[[ INFORMATION PROVIDED, beginning ]]
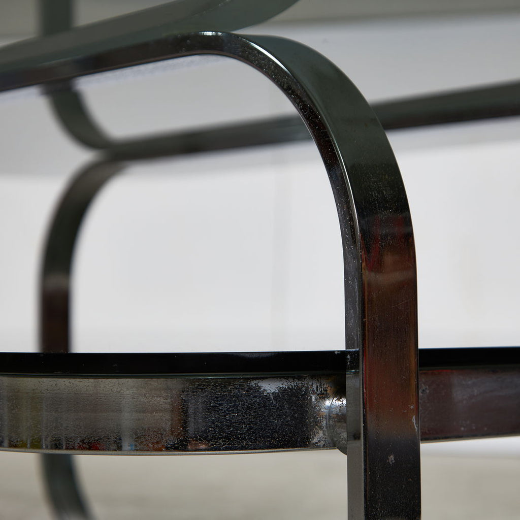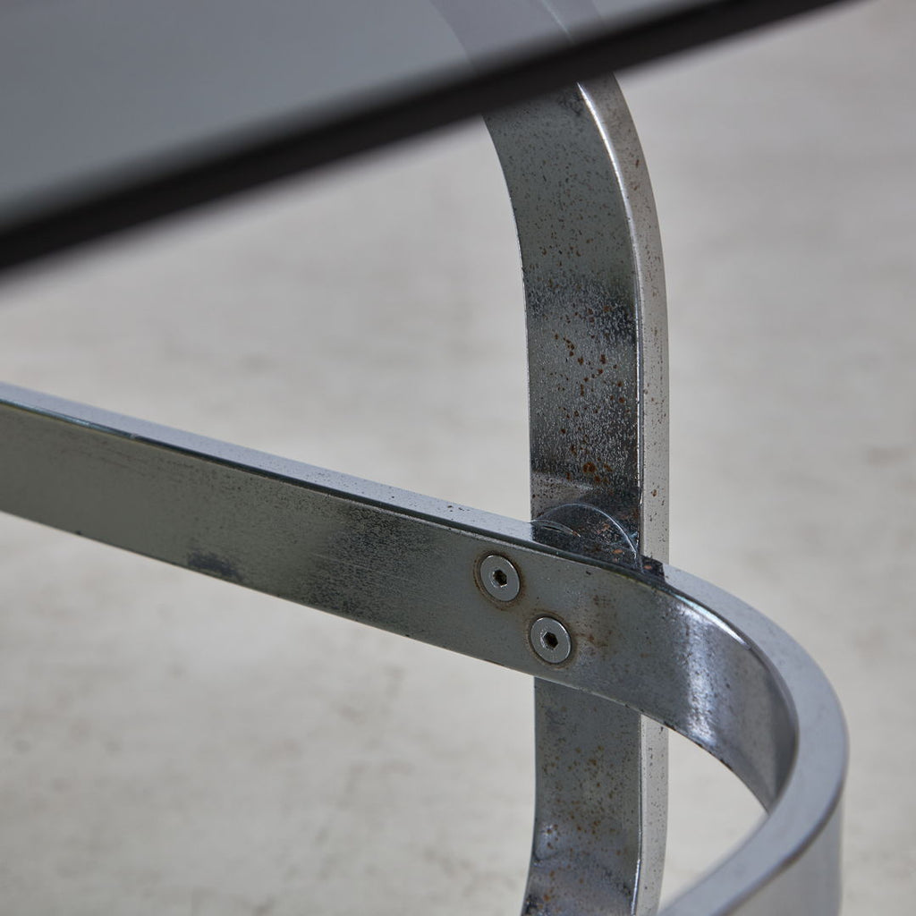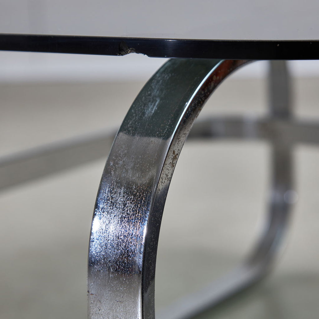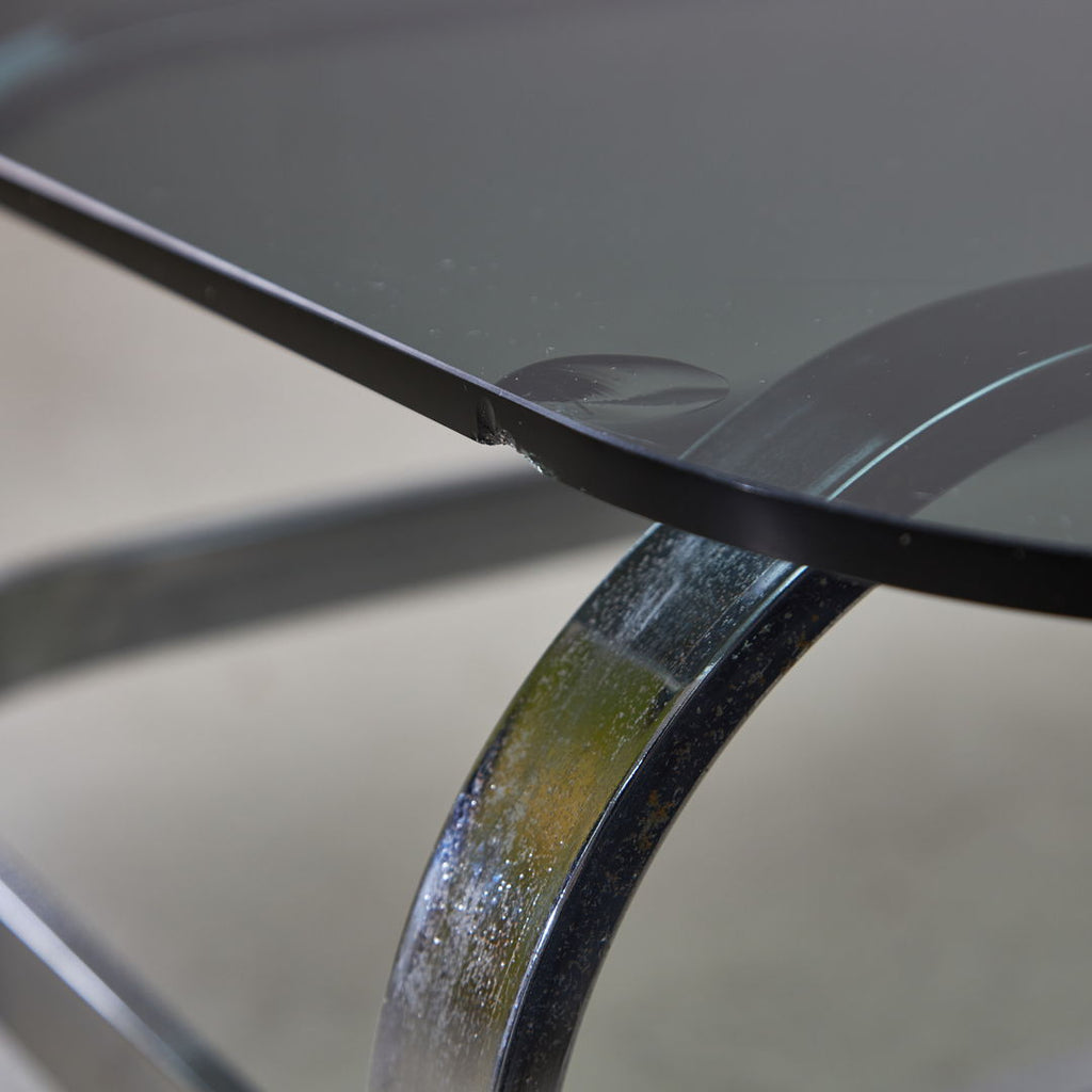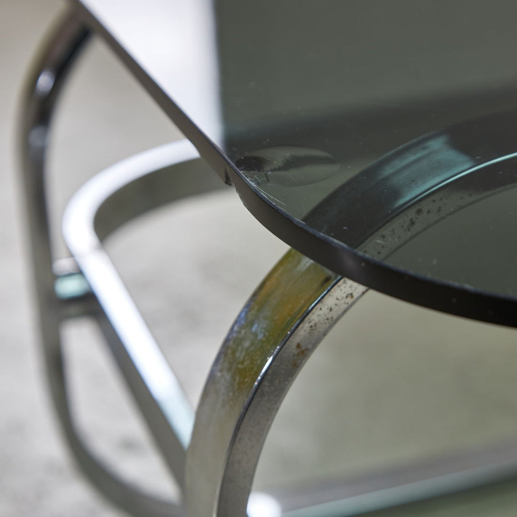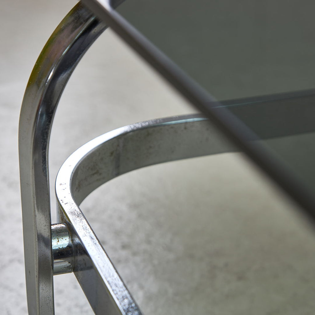 Flat, Rounded Bar-shaped Coffee Table on Chrome Base with Two Smoked Glass Tops
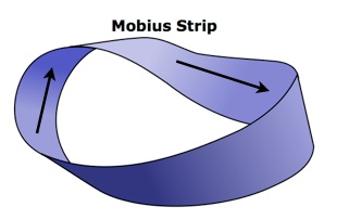 But Statements (3) and (4) are not paradoxical when applied to the Moebius strip shown below, if you label the horizontal arrow with A and the vertical one with B, since, after about 270 ~450 degree circular motions of the artrows on the strip, A will become B and B will become A.
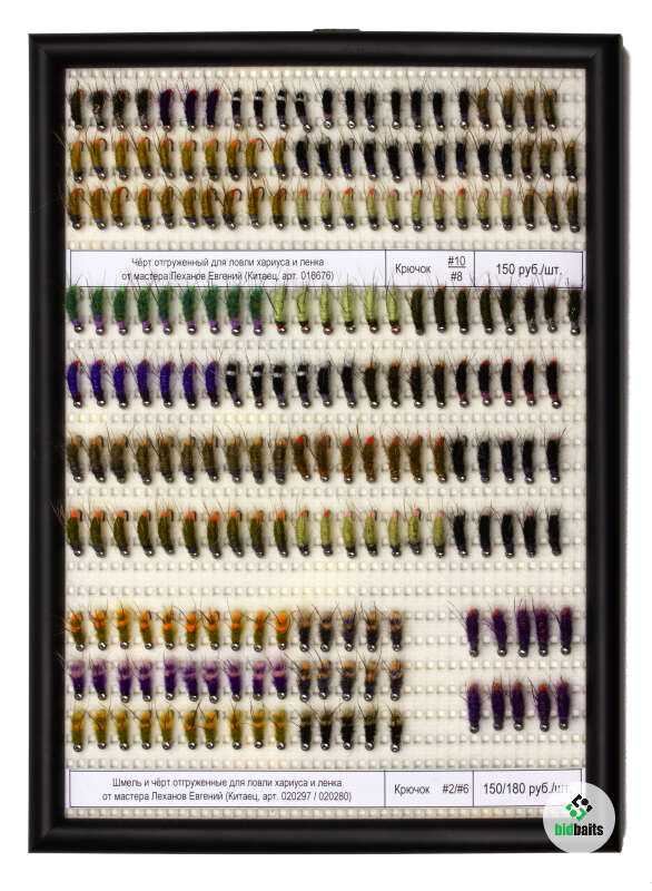 Мушки (их ещё называют черти) отгруженные - готовые искусственные приманки для ловли достаточно крупных речных хищников (хариуса, ленка). Изготавливаются гуру данного направления - известный мастер Китаец. Он был одним из первопроходцев и до сих пор оттачивает своё мастерство и ищет варианты по улучшению уловистости своих изделий.
[[ INFORMATION PROVIDED, end ]]
(WHAT YOU HAVE TO DO): All of the lines above must be repeated without alteration, though the pictures are to be excluded.

(COMPLETED EXERCISE):
 Flat, Rounded Bar-shaped Coffee Table on Chrome Base with Two Smoked Glass Tops
 But Statements (3) and (4) are not paradoxical when applied to the Moebius strip shown below, if you label the horizontal arrow with A and the vertical one with B, since, after about 270 ~450 degree circular motions of the artrows on the strip, A will become B and B will become A.
 Мушки (их ещё называют черти) отгруженные - готовые искусственные приманки для ловли достаточно крупных речных хищников (хариуса, ленка). Изготавливаются гуру данного направления - известный мастер Китаец. Он был одним из первопроходцев и до сих пор оттачивает своё мастерство и ищет варианты по улучшению уловистости своих изделий.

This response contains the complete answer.